(WHAT IS EXPECTED) Leave the pictures out. Retype exactly the lines below from the one containing "[Thick and quality" through the one containing "2018年6月3日晚19时,会计学院20", and no others.

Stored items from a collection
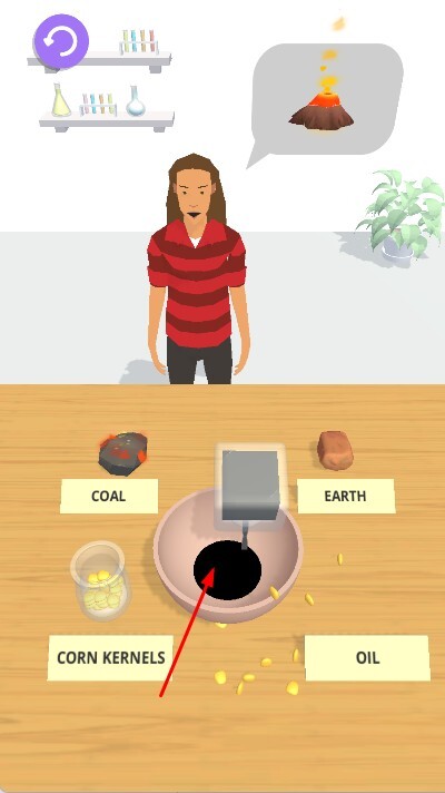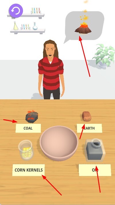 1、启动游戏后,在实验室场景里,按照角色给出的提示,挑选桌上的材料,把它们放进中间的大碗中。
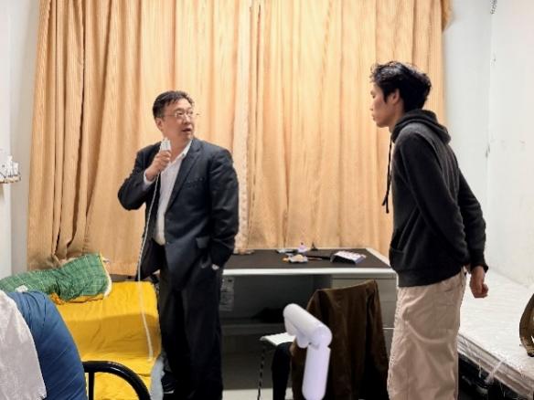 在此次检查中,老师们逐间查看国际生们宿舍居住环境,重点围绕用电安全展开细致排查,全面检查宿舍内电器使用规范、线路老化隐患等情况。同样室内吸烟问题也作为此次安全检查的重要内容进行重点排查,详细向同学们宣讲室内吸烟的严重危害,明确强调宿舍属于人员密集场所,严禁在室内吸烟,要求大家自觉遵守禁烟规定,共同守护宿舍公共安全。检查之余也关注国际生们宿舍卫生整洁度与物品堆放秩序,现场叮嘱同学们要牢固树立安全防范意识,自觉遵守宿舍管理规定,共同营造安全、整洁、温馨的居住氛围。与此同时,在与国际生们的交流中,细致询问大家近期学习生活状况、文化适应情况及遇到的困难与需求,耐心倾听心声与诉求。结合期末临近的关键节点,老师们再次着重强调期末考试要求,鼓励同学们合理规划复习时间、调整备考状态,以扎实学识和端正态度迎接考试,力争取得理想成绩。
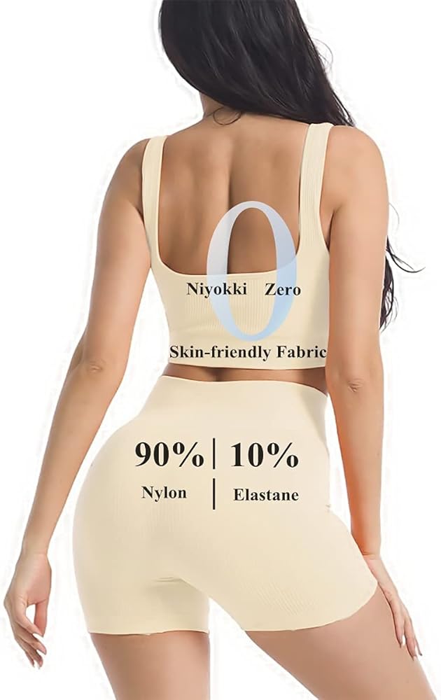[Thick and quality material]: Our ribbed seamless workout set is made of 90% nylon, 10% elastane. The material is breathable, soft, comfy ultra stretchy and not see through. It' s very thick, have elastic and not tight. Moisture wicking and quick dry. Seven popular colors can be selected.
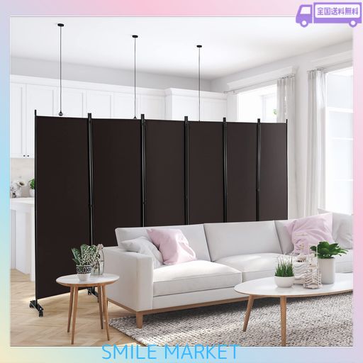 ■GYMAX パーテーション 6連 330CM 間仕切り キャスター付き 布タイプ 自立式 オフィス クリニック お家 目隠し ブラウン
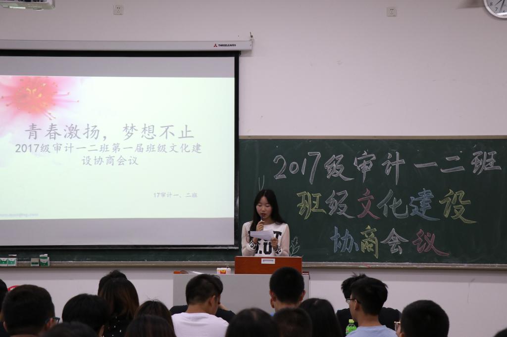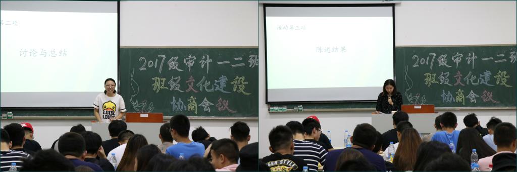 2018年6月3日晚19时,会计学院2017级审计学专业一、二班在1313教室召开了首届班级文化建设协商会议。本次会议从班级制度政策文化、班级团队协同文化、班级平台互联文化、班级竞技文化和班级智库文化等五个维度出发对班级文化建设进行了深入探讨,共形成5个大类15个小类成果。该专业一、二班辅导员游登贵老师和班级的100名学生参加了此次会议,会议由张晓洁同学主持。
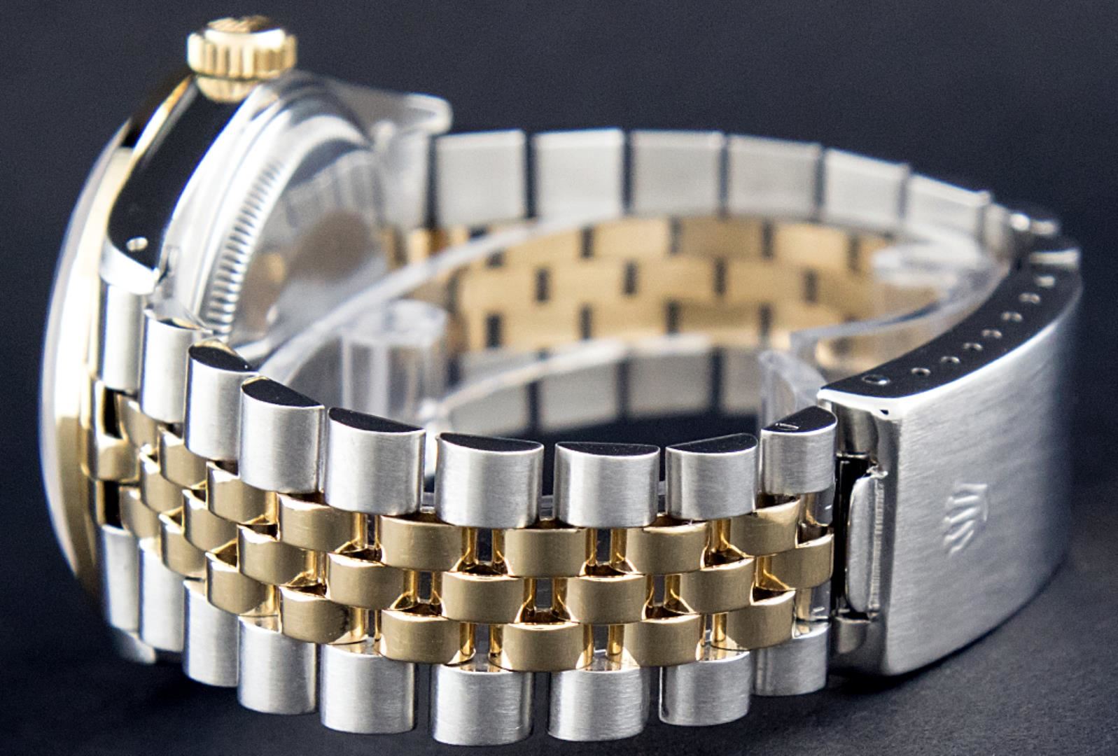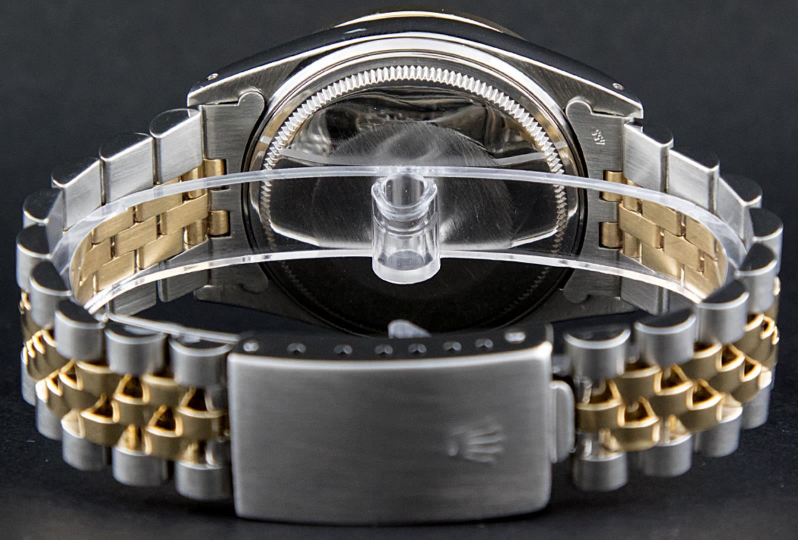 One Mens Pre Owned Yellow Gold Two Tone Rolex Datejust Polished, Serviced And Electronically Tested, Rolex Case: Yellow Gold And Stainless Steel Case: 36mm, Rolex Yellow Gold Crown, Custom Bezel: New 18K Yellow Gold Beadset Bezel + Emerald Baguettes, Diamond Count: 36 Diamonds + 4 Emeralds. Custom Crystal: New Sapphire With Magnified Date Window, Custom Hands: New Luminescent Hands. Rolex Movement: Automatic Winding Movement 3035. Custom Dial: Custom Green Vignette With Added Diamonds, Diamond Count: 58 Diamonds in Dial. Date Window: 3 O'Clock Position Date Display, Quickset, Model: Quickset Datejust, Condition: G-6 Extra Fine. Rolex Bracelet: Two Tone Yellow Gold And Stainless Steel Jubilee Band. Bright Polish. 7.0 Inch Length, Adjustable. Standard Clasp, With Rolex Logo. This Watch Has Been Serviced And Polished It Is Free Of All Scratches And Dents.
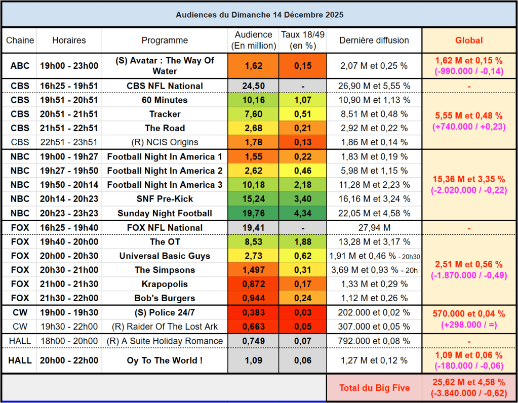 Voici les audiences de la soirée du 14 Décembre

(ANSWER SECTION)
[Thick and quality material]: Our ribbed seamless workout set is made of 90% nylon, 10% elastane. The material is breathable, soft, comfy ultra stretchy and not see through. It' s very thick, have elastic and not tight. Moisture wicking and quick dry. Seven popular colors can be selected.
 ■GYMAX パーテーション 6連 330CM 間仕切り キャスター付き 布タイプ 自立式 オフィス クリニック お家 目隠し ブラウン
 2018年6月3日晚19时,会计学院2017级审计学专业一、二班在1313教室召开了首届班级文化建设协商会议。本次会议从班级制度政策文化、班级团队协同文化、班级平台互联文化、班级竞技文化和班级智库文化等五个维度出发对班级文化建设进行了深入探讨,共形成5个大类15个小类成果。该专业一、二班辅导员游登贵老师和班级的100名学生参加了此次会议,会议由张晓洁同学主持。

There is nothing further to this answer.